◆ **Brief**
The material below holds pictures, which are to be left out; copy exactly the lines from the one with "Fazendas Fibria – Bairro Canta Galo" through the one with "без дорогостоящего гостя.".

◆ **Data under study**
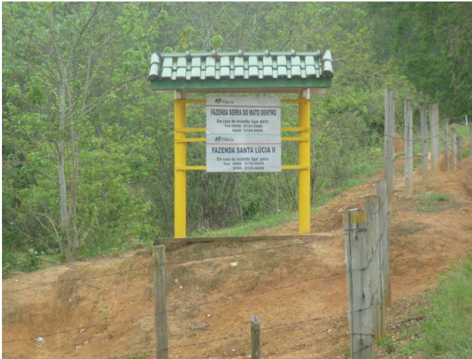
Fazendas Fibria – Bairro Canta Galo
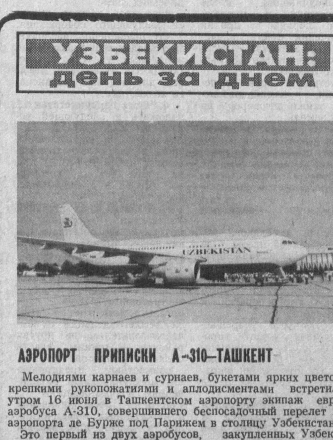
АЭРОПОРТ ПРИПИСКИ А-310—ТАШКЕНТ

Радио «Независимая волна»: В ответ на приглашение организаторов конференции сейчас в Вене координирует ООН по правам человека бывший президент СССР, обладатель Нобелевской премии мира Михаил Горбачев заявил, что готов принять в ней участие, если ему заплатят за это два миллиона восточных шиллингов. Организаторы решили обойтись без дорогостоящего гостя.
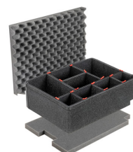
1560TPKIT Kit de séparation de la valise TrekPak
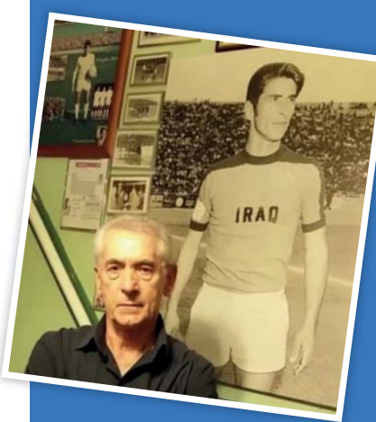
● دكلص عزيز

--

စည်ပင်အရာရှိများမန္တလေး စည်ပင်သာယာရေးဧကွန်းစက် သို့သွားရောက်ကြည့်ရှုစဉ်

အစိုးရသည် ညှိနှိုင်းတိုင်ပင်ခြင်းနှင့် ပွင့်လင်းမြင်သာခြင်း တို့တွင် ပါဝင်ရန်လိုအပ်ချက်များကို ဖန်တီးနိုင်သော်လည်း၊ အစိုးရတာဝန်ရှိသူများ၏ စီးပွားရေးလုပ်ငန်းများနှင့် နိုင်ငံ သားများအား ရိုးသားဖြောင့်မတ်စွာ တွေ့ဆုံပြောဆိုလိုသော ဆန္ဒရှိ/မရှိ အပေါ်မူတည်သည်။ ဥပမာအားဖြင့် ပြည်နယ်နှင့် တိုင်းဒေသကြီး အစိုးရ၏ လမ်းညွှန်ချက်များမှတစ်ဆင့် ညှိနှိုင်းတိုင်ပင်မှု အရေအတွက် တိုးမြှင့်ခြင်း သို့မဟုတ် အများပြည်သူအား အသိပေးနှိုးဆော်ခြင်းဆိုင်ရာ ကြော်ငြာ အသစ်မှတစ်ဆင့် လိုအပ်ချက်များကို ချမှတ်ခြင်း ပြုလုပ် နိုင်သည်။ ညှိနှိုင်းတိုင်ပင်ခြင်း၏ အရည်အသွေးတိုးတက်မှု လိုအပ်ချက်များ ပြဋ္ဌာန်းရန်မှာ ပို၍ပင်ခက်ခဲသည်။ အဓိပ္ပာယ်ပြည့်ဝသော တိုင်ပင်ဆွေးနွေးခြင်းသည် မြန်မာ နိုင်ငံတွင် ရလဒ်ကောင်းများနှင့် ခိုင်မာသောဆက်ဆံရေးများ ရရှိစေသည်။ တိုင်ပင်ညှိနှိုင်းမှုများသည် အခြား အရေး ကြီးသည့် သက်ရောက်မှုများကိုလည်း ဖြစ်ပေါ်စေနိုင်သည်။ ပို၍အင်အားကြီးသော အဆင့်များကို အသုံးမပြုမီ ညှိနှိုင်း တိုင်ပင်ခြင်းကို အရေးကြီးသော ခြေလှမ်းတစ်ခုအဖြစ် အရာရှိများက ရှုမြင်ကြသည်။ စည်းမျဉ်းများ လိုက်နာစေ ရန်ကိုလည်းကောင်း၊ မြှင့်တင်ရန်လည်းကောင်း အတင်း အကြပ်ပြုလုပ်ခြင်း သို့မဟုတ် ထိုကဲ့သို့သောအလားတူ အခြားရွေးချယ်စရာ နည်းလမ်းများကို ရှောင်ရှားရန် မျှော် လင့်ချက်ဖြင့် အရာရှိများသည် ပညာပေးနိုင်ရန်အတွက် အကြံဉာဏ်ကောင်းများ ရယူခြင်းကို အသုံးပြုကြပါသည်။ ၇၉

◆ **Your solution**
Fazendas Fibria – Bairro Canta Galo
АЭРОПОРТ ПРИПИСКИ А-310—ТАШКЕНТ

Радио «Независимая волна»: В ответ на приглашение организаторов конференции сейчас в Вене координирует ООН по правам человека бывший президент СССР, обладатель Нобелевской премии мира Михаил Горбачев заявил, что готов принять в ней участие, если ему заплатят за это два миллиона восточных шиллингов. Организаторы решили обойтись без дорогостоящего гостя.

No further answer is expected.